LEWISBURG, Pa. — The United States is grappling with one of its worst-ever drug crises. According to the Centers for Disease Control and Prevention, more than 70,200 Americans died from drug overdoses in 2017, including illicit drugs and prescription opioids — a two-fold increase in a decade. Additionally, 1 in 8 U.S. adults have an addictive disorder.

That’s why Bucknell University is hosting a Neuroscience Summit on Addiction featuring five leading addiction research scholars on Thursday, April 18, from 4 to 6 p.m. in the Campus Theatre, 413 Market St., Lewisburg. The student-created event is free and open to the public and designed to help people better understand the reasons for and effects of addiction.

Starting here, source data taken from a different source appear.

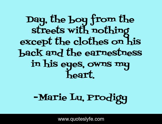 This page presents the quote "Day, the boy from the streets with nothing except the clothes on his back and the earnestness in his eyes, owns my heart.". Author of this quote is Marie Lu, Prodigy. This quote is about june, day, legend,.
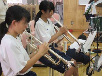 【写真・中】吹奏楽部の活動の様子です。
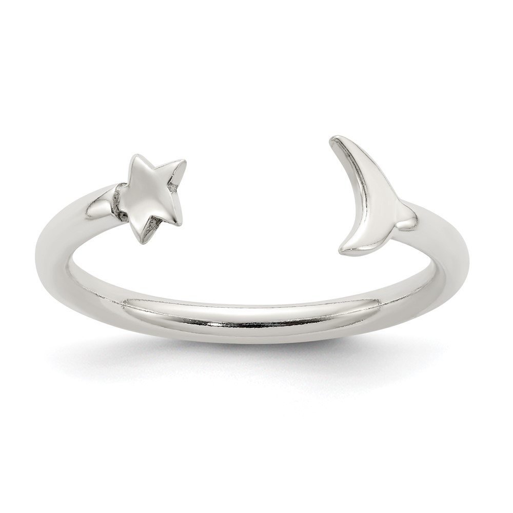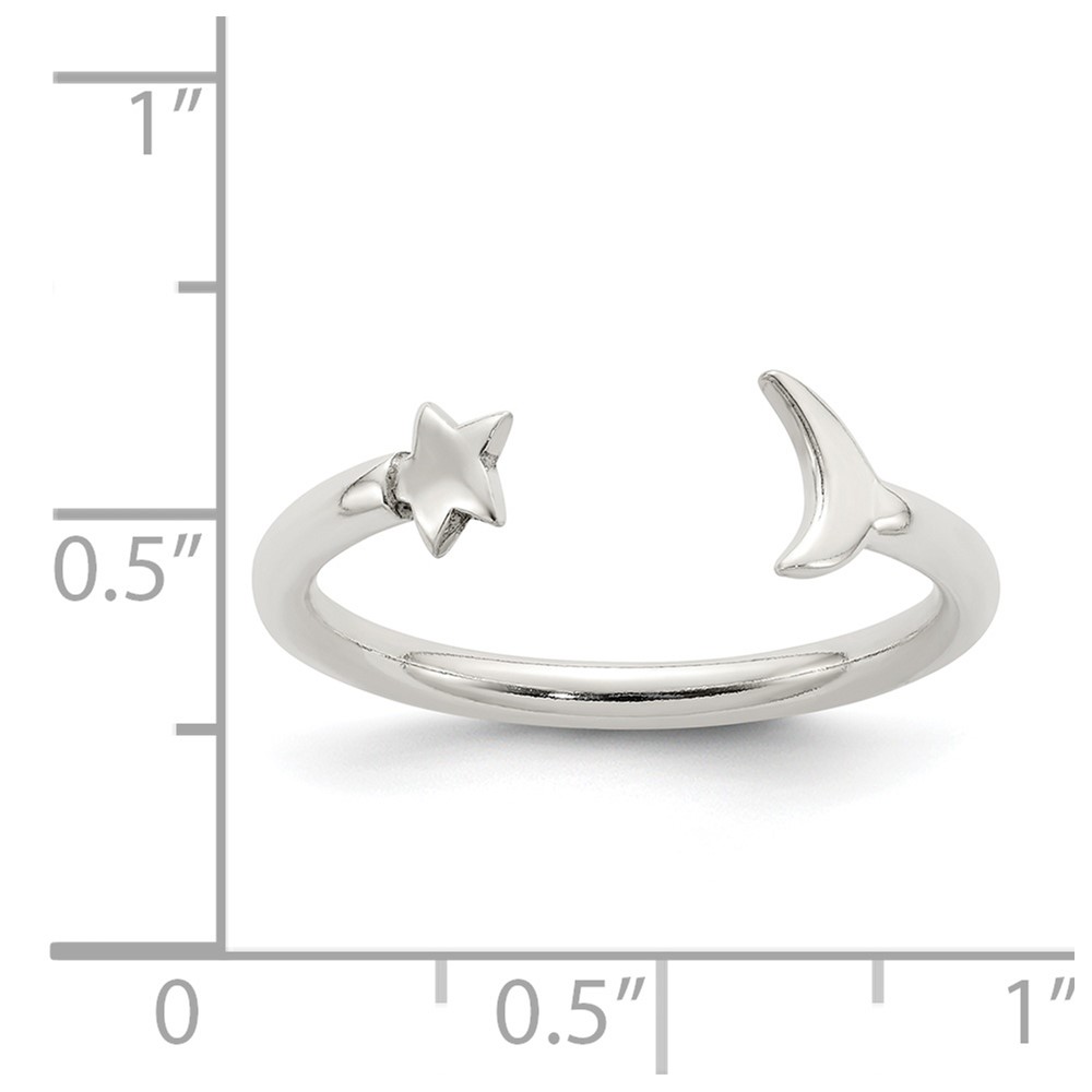 Sterling Silver Polished Half Moon and Star Adjustable Ring (QR6191)
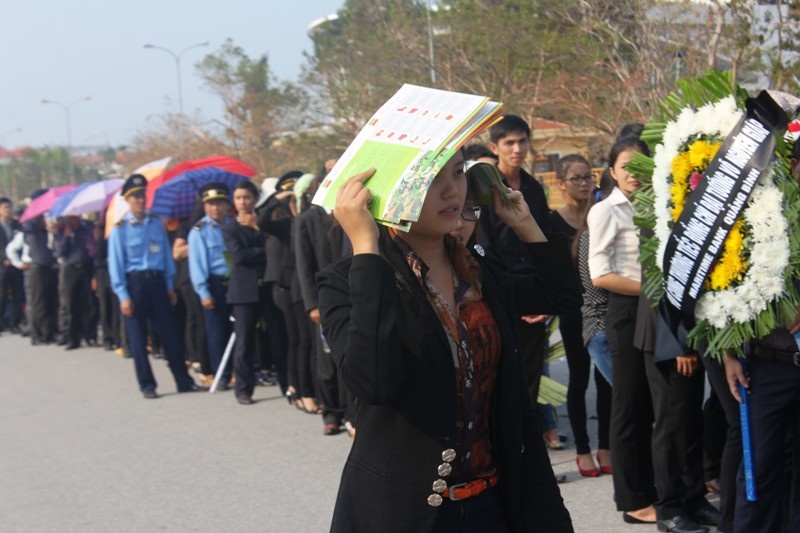 | Cái nắng chói chang trong lúc chờ viếng. |
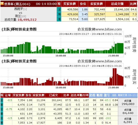 必发亚盘数据显示,西班牙的半球盘成交量29万,这样的成交量在世界杯的赛事中仅是九牛一毛。说明这一盘口并未受到资金追捧。对西班牙不利。
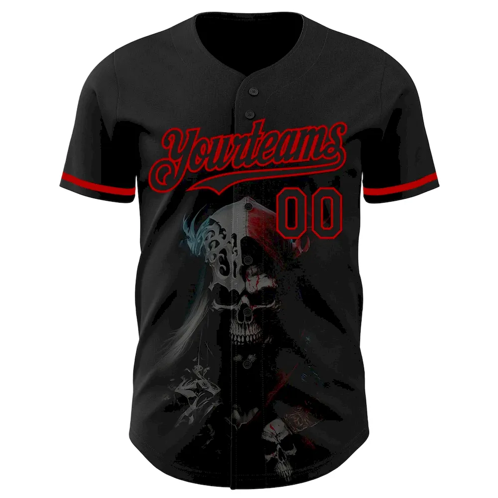 Custom Black Red 3D Skull Fashion Authentic Baseball Jersey
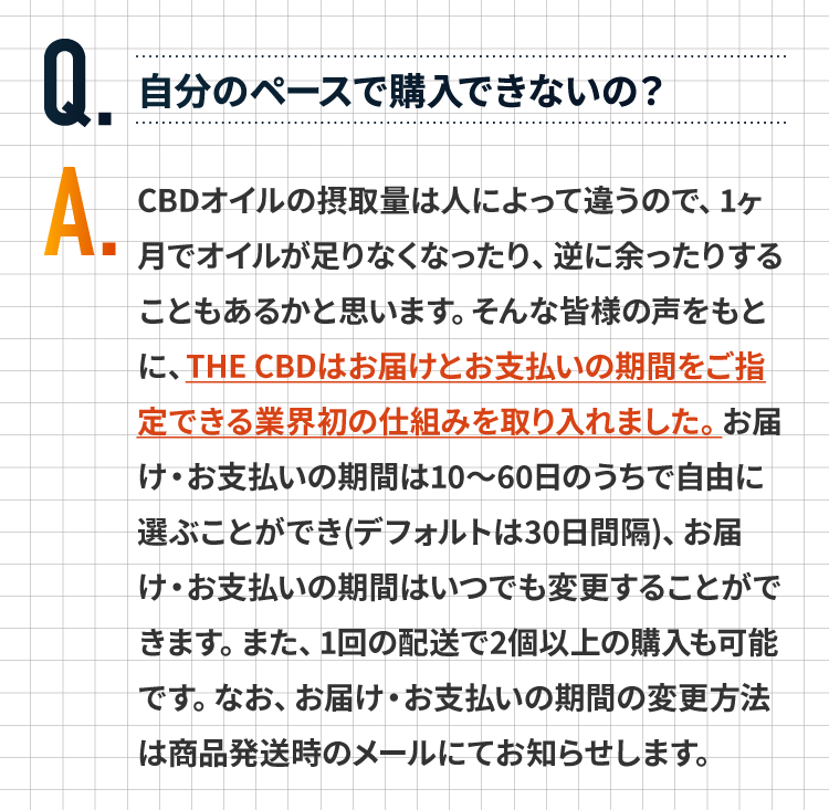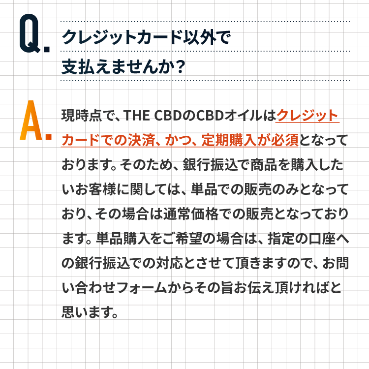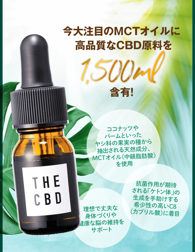 【THE CBD Oil 10ml 15%(1500mg)】栄養成分表示 1本(10ml)あたり:エネルギー70kcal、たんぱく質0g、脂質7g、炭水化物0g、食塩相当量0g価格:10,980円(税込11,858円)送料:600円(税込/全国一律) ※4回目からは送料無料【THE CBD Oil C8 MCT 10ml 15%(1500mg)】栄養成分表示 1本(10ml)あたり:エネルギー68kcal、たんぱく質0g、脂質7g、炭水化物0g、食塩相当量0g価格:18,980円(税込20,498円)送料:600円(税込/全国一律) ※4回目からは送料無料
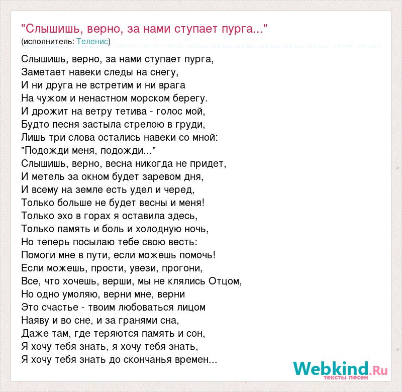 Слышишь, верно, за нами ступает пурга, Заметает навеки следы на снегу, И ни друга не встретим и ни врага На чужом и ненастном морском берегу. И дрожит на ветру тетива - голос мой, Будто песня застыла стрелою в груди, Лишь три слова остались навеки со мной: "Подожди меня, подожди..." Слышишь, верно, весна никогда не придет, И метель за окном будет заревом дня, И всему на земле есть удел и черед, Только больше не будет весны и меня! Только эхо в горах я оставила здесь, Только память и боль и холодную ночь, Но теперь посылаю тебе свою весть: Помоги мне в пути, если можешь помочь! Если можешь, прости, увези, прогони, Все, что хочешь, верши, мы не клялись Отцом, Но одно умоляю, верни мне, верни Это счастье - твоим любоваться лицом Наяву и во сне, и за гранями сна, Даже там, где теряются память и сон, Я хочу тебя знать, я хочу тебя знать, Я хочу тебя знать до скончанья времен...
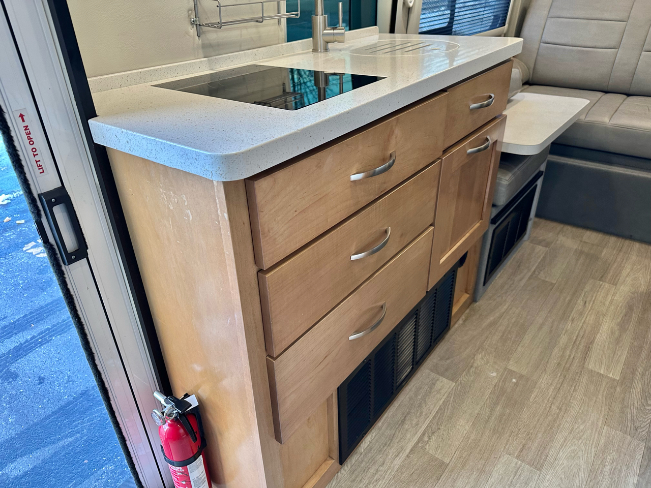 -9.7 gal LP, 27 gallon water tank, 15 gallon grey tank, 112 gallon black tank.
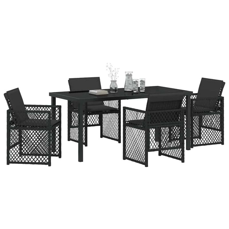 Комплект за хранене в градината 5 pcs Черно полиратан
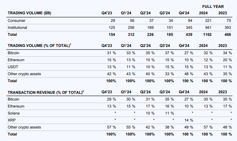2024 全年交易收入为 40 亿美元,同比增长 162%;总交易量为 1.2 万亿美元,同比增长 148%。其中散户交易量为 2210 亿美元,同比增长 195%;机构交易量为 9412 亿美元,同比增长 139%。而在第四季度,Coinbase的交易收入达到 16 亿美元,环比增长 172%;交易量为 4390 亿美元,同比增长 185%。

A reception will follow across the street at the Iron Front Building, 434 Market St.

Bucknell psychology and neuroscience professor Judy Grisel — author of the New York Times bestseller, Never Enough: The Neuroscience and Experience of Addiction (Doubleday; Feb. 2019) in which she chronicles both the research on addiction and her firsthand experiences as a former addict — will moderate the panel, which includes:

  • David Goldman, M.D., chief, Laboratory of Neurogenetics, National Institute on Alcohol Abuse and Alcoholism (NIAAA), clinical director, NIAAA. Throughout his career, Dr. Goldman has focused on identifying genes that influence vulnerability to alcoholism, other addictions and other psychiatric diseases.
  • Robin J. Keeley, Ph.D. NIH National Institute on Drug Abuse Intramural Research Program. She is specifically interested in understanding how adolescent drug use changes our brain in the long term, increasing the likelihood of engaging in other risky behaviors as adults, including continued drug use.
  • David H. Ledbetter, Ph.D., FACMG, executive vice president/chief scientific officer, Geisinger. He is an internationally recognized expert in genomics and precision medicine, involved in the translation of new genomics technologies into clinically useful genetic tests for early diagnosis and intervention.
  • Betty Jo Salmeron, M.D., NIH National Institute on Drug Abuse Intramural Research Program. Her research interests include the nature of loss of control over drug use in addiction, predisposing factor versus consequences of addictive disease and ethical issues in clinical research.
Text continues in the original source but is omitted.